Figure 4. VCXO-less Subsystem

Both VCXO-based and VCXO-less solutions can be used to synchronize pixel clocks for a variety of video applications, including video over IP, where the synchronization of the video and audio data packets usually relies on precision time protocol (PTP) time server (usually referred to as Grandmaster), and its corresponding clock followers. The key to keeping video over IP properly synchronized requires a standardized timestamp mechanism to determine the clock drift (or jitter) between the input and output pixel clock, as defined in ST2059 [8], and adjusting the frequency value of the follower clock that generates the output pixel clock, so that the latency between data packets is kept below the upper limits dictated by the ST2059 standard. Such adjusting of the clock can be achieved by genlocking both clocks using a VCXO-based or VCXO-less approach as described above.

# FPGA Genlock System Architecture

Depending on the relationship between input and output pixel clocks, a video processing pipeline can be architected to support three video synchronization modes: free-running, frame-sync, and genlock.

# Video Pipeline in Free-Running Mode

In a free-running mode, input and output pixel clocks are independent and asynchronous. Hence, even if the total output frame size, including blankings, is configured to be the same as the input frame size, and the frequency value of the output pixel clock is the same as the input pixel clock, the frame periods of the video input and output would be different due to the intrinsic clock fluctuation (commonly referred as jitter) present in every clock generator.

Consequently, over time, input and output start-of-frame (SOF) signals drift apart, as shown in Fig. 5, where arrows highlighted in blue indicate input (RX) and output (TX) SOF alignment, while arrows in black indicate frame drift at a specific point in time. If not corrected, frame drift could cause the output video frame to jump or roll over sporadically or continuously.

One way to address such drifting over time is to add a video frame buffer to the processing pipeline to decouple the input and output and handle the video synchronization. The frame buffer must support features to allow different input and output video resolutions and frame rates depending on the video pipeline requirements. Such features include double or triple buffering for progressive and interlaced video



**Figure 5.** Timing diagram comparing input and output SOF in free-running mode

frames, a configurable memory packing scheme, optional dropping of broken frames, and frame statistics counters. For example, the Video Frame Buffer IP provides such features and allows the creation of video pipelines in free-running mode.

# Video Pipeline in Frame-Sync Mode

Video pipelines in frame-sync mode allow the output raster to track an external timing reference, for example, the Fsync toggle signal, but the output clock does not need to be locked to the input pixel clock. This mode's typical use case scenario includes V-by-One, MIPI, or DisplayPort interfaces, as their packetized-based data exchange methods do not require a pixel-accurate clock.

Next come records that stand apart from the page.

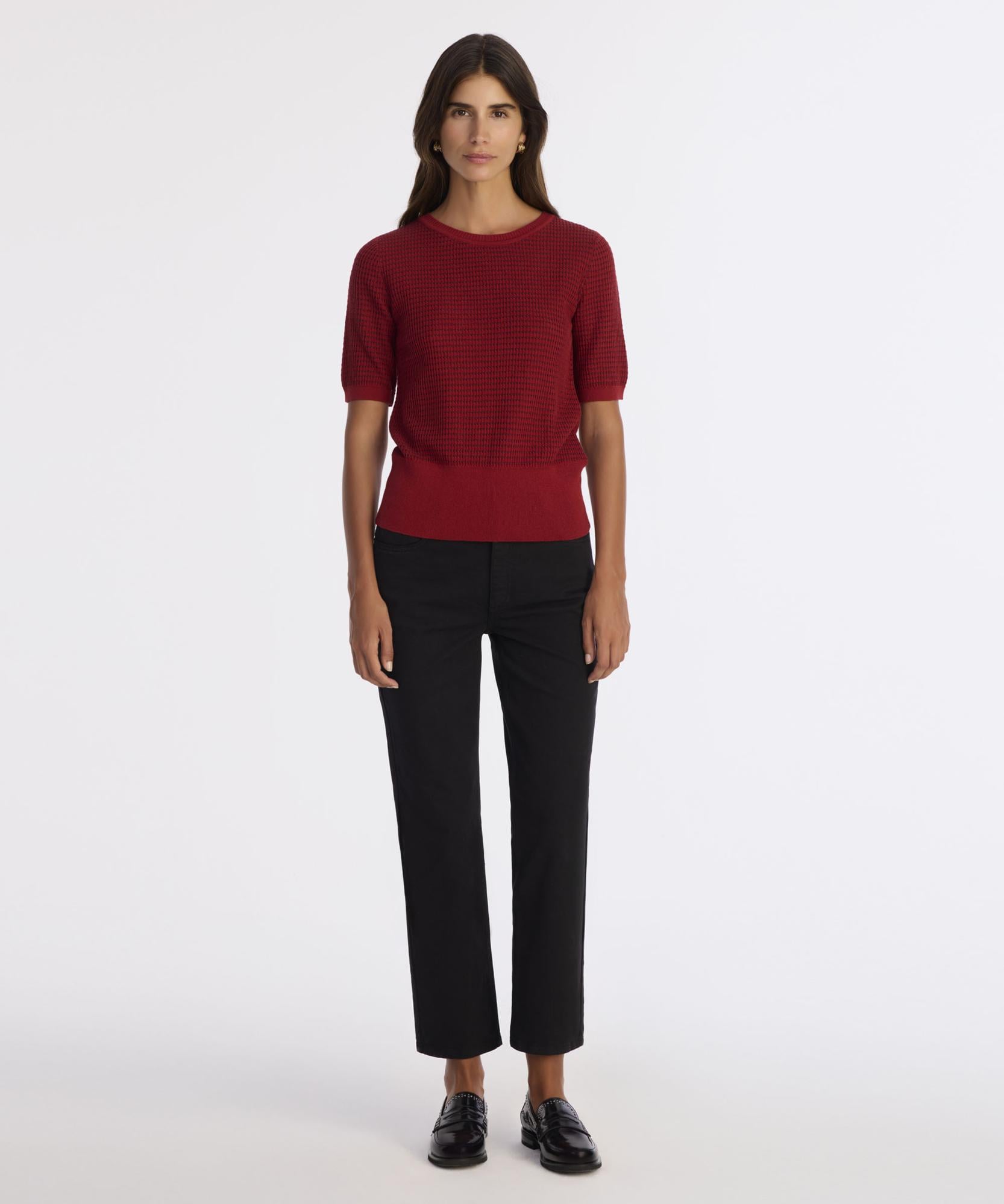 Yatay mini desenleri ve kısa kol yapısıyla öne çıkan bu triko, sade çizgilerle modern bir görünüm sunuyor. Yumuşak dokusu sayesinde cilt dostu bir konfor sağlarken, klasik ve rahat kesimiyle günlük kullanım için idealdir. Kış aylarında oversize hırkalar veya kalın örgü yeleklerle katmanlı şekilde kombinlenerek stilinizi tamamlayabilirsiniz. Geniş paça pantolonlarla birlikte hem şık hem konforlu bir bütünlük oluşturur.
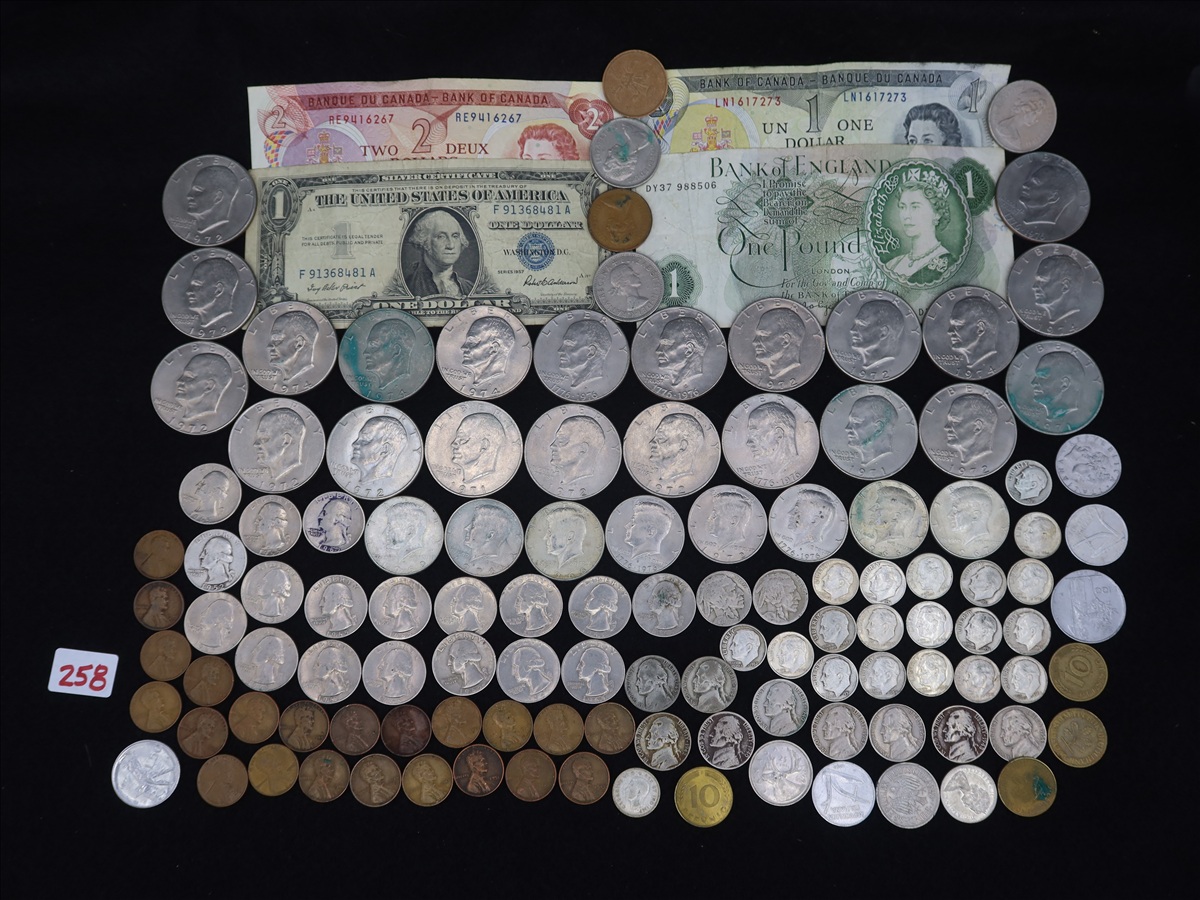 LOT, APPROX (96) ASSORTED COINS TO INCLUDE: (26) $1 IKES, (8) KENNEDY HALVES, (18) QUARTERS, (19) DIMES, (2) BUFFALO NICKELS, (22) CENTS, (1) $1957 SILVER CERTIFICATE & ASSORTED FOREIGN CURRENCY COINS IN THIS BAG
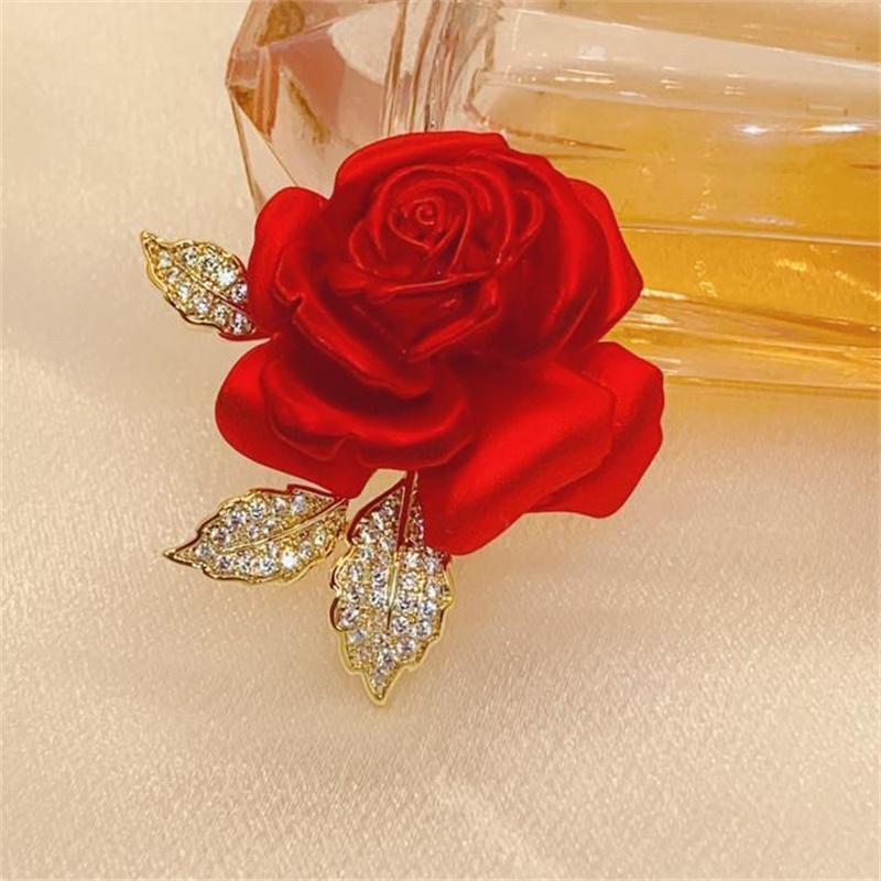 Темперамент Красная роза Брошь Высококачественные аксессуары для костюмов Булавки Дизайн Броши
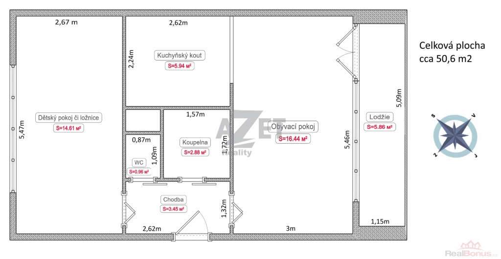 Rozměry jednotlivých místností jsou uvedeny v půdorysu bytu.
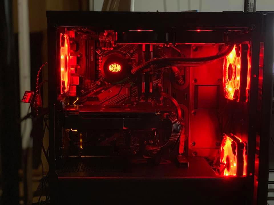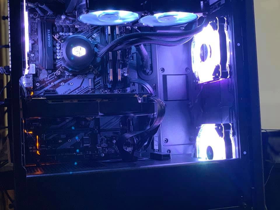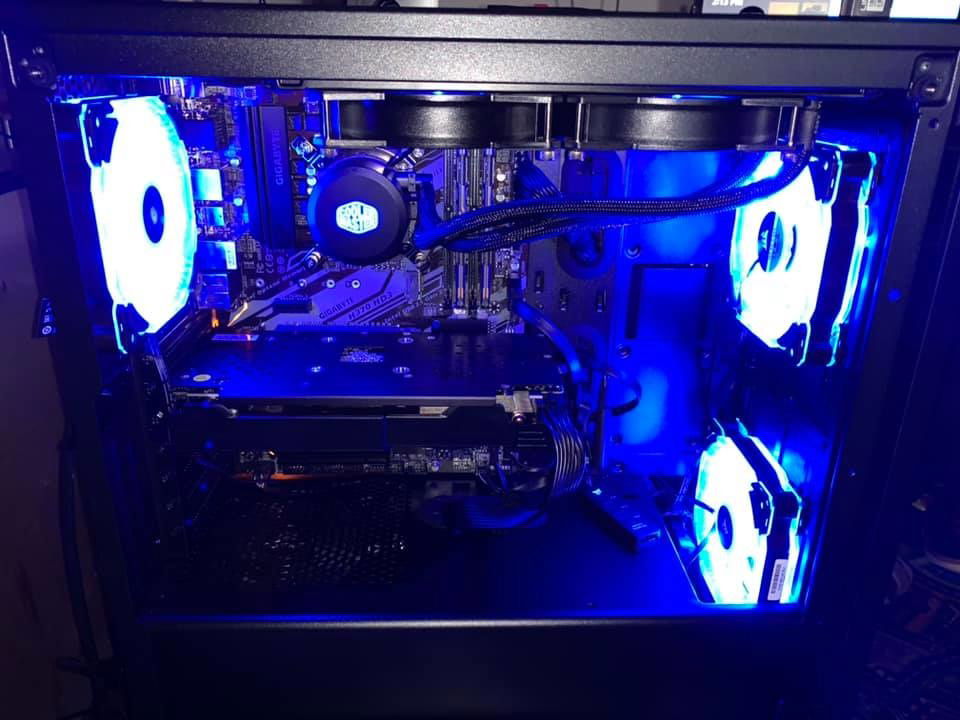 Windows 10 64 bit operating system intel i5-9400f processor gigabyte h370-hd3 motherboard cooler master ml240l cpu cooler Radeon RX570 graphics card 16g dual channel ram corsair hd120 cooling fans corsair 275r case corsair cx650 power supply wd Blue 1 terabyte hard drive samsung v-nand 500gb ssd

During frame-sync mode operation, blanking pixels can be dropped or repeated to compensate for frame drift so that the output SOF occurs at a fixed interval. In this mode, there is usually a reference input toggle signal to indicate that a new input SOF has occurred, and it is used to keep input and output SOF signals synchronized.

The Vtiming IP can receive a reference input Fsync toggle signal (frame\_start) and use it to support the operation of a video pipeline in frame-sync mode. In this mode, the Vtiming IP adjusts the output video timing to align the output SOF to the frame\_start signal on every frame. It causes the output video timing to jump from one area of video blanking to another, resulting in several video blanking pixels being added or removed from the total frame size, compensating for output pixel clock drift. The Vtiming IP must be configured to have one extra line of blanking than is necessary; for example, a total number of 1,125 lines becomes 1,126. It allows output video frames to overrun and add extra video blanking pixels if the frame\_start is late.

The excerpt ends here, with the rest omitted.